My buckling 4.5 months old got a nice treat of grapevines last night. He is such a sweet boy!


----------



## WarPony (Jan 31, 2010)

My goats love grapevines, too. Sometimes I pull down some of the wild ones and toss them to the goats and they LOVE it!!


----------



## ksalvagno (Oct 6, 2009)

Cute little guy!


----------



## NubianFan (Jun 3, 2013)

OMG! Y'all stop showing me Nubians. I am three to four Nubians short of a load....


----------



## nubians2 (Feb 20, 2011)

Lol! I can keep going! I have 8 of them!


----------



## NubianFan (Jun 3, 2013)

Actually it would be an enjoyable kind of torture... bring em on....


----------



## nubians2 (Feb 20, 2011)

Lol! Here is the rest of them!


----------



## NubianFan (Jun 3, 2013)

You wouldn't miss a few of those if they turned up missing would you? Alas you are too far away also. I got excited when I saw Mountain Home, because there is a Mountain Home in my state too, then I saw Idaho... that's a long haul. I love the ones in pictures 1,6, & 7 but I also like all of them.


----------



## nchen7 (Feb 25, 2013)

NubianFan said:


> I love the ones in pictures 1,6, & 7 but I also like all of them.


couldn't decide, could you??

I love them all! I've been wanting a Nubian for a while now. thankfully, it's one of the few goat breeds I can get down here.....now if I can just find a good Nubian stud for my girl......


----------



## NubianFan (Jun 3, 2013)

We'll have to set up a smuggling ring just to get some Nubians to you. Hey that might be kinda fun.


----------



## nchen7 (Feb 25, 2013)

there are some! they had some bucklings for sale earlier this year, but I made the commitment not to take down their number b/c I didn't want to be tempted with more goats..... but I just want to rent a buck to breed my part Nubian doe. she has airplane ears. I want long, floppy ears!


----------



## NubianFan (Jun 3, 2013)

Then if she had a doe, breed that doe to a different Nubian buck. by then you'd be at about 87.5% Nubian with the doelings kidding. That is if your doe is at least 50% That'd be getting pretty close to full blood.


----------



## nubians2 (Feb 20, 2011)

No smuggling allowed!!! I love my goaty's!

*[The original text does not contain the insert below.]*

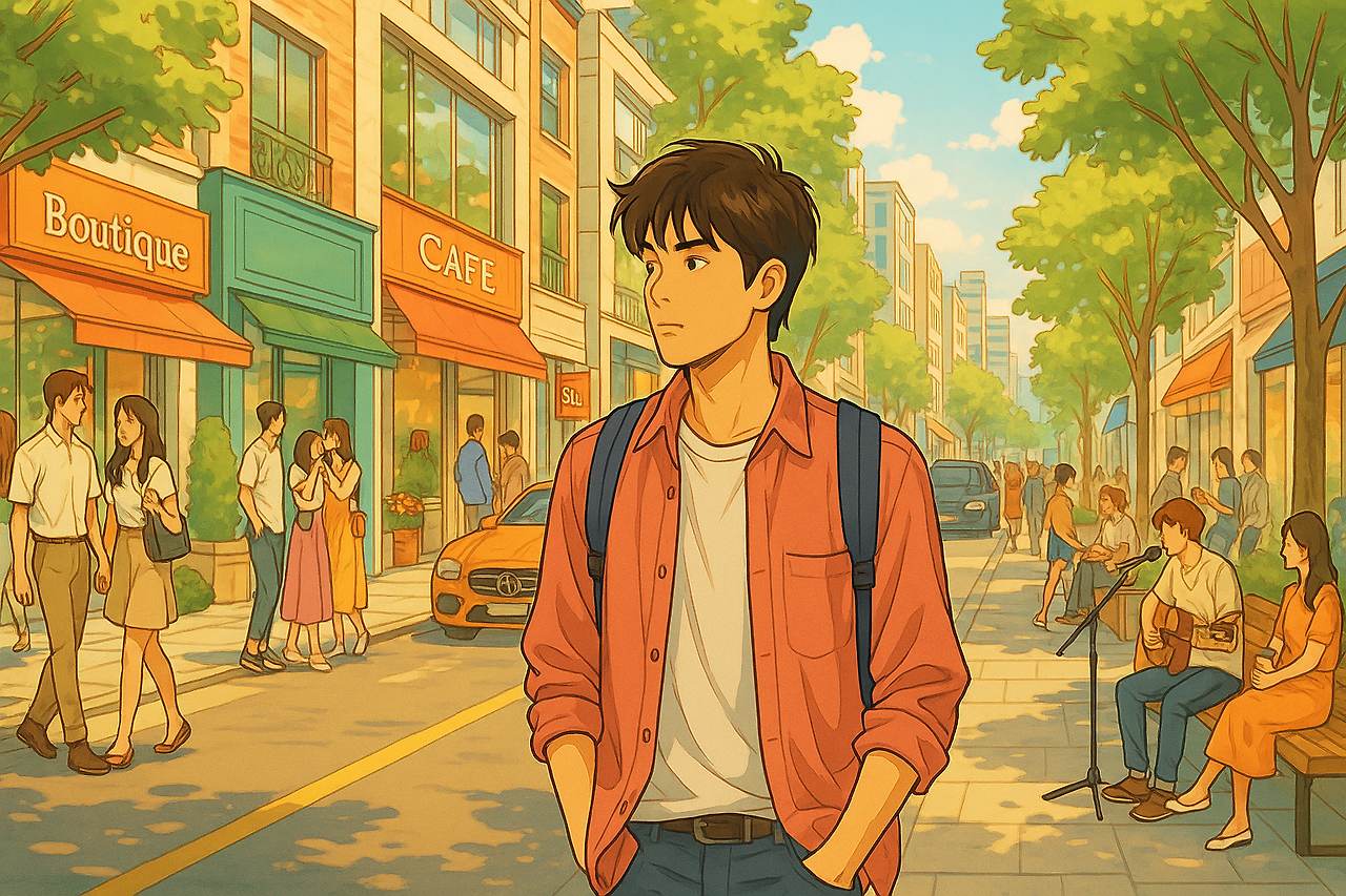한쪽에는 고급 외제차들이 줄지어 주차하고, 거리에는 유명한 패션 매장들이 손님들을 끌어모았다. 곳곳에 배치된 벤치에는 사람들이 앉아 커피를 마시며 여유를 즐기고 있다. 거리의 음악 소리는 사람들의 발걸음을 경쾌하게 만든다. 길거리 공연을 하는 뮤지션들이 기타를 치며 노래를 불렀고, 지나가는 사람들은 잠시 멈춰 서서 그들의 음악을 감상했다.

P picture 6 &7 are mother and daughter. Picture 1 was my beautiful surprise this year. The beige one is the first doe I bought. She has airplane ears but throws beautiful babies. She ifs recorded grade.


----------



## NubianFan (Jun 3, 2013)

oh I wasn't meaning smuggling yours, just smuggling some to NChen7 since she can't hardly find them in the tropics. 
You could help us smuggle though. LOL


----------



## nubians2 (Feb 20, 2011)

Lol! Oh gotcha! Yeah that would be fun!


----------



## nchen7 (Feb 25, 2013)

teehee!!! I can just picture a bunch of people at the airport, luggage in hand, with Nubian EARS hanging out and bleating coming from the bag!!!!! :ROFL:


----------



## NubianFan (Jun 3, 2013)

To the security guard... "what its a new ringtone? Dont like it?"


----------



## nubians2 (Feb 20, 2011)

Or :shrug:


----------



## nchen7 (Feb 25, 2013)

Lol!!


----------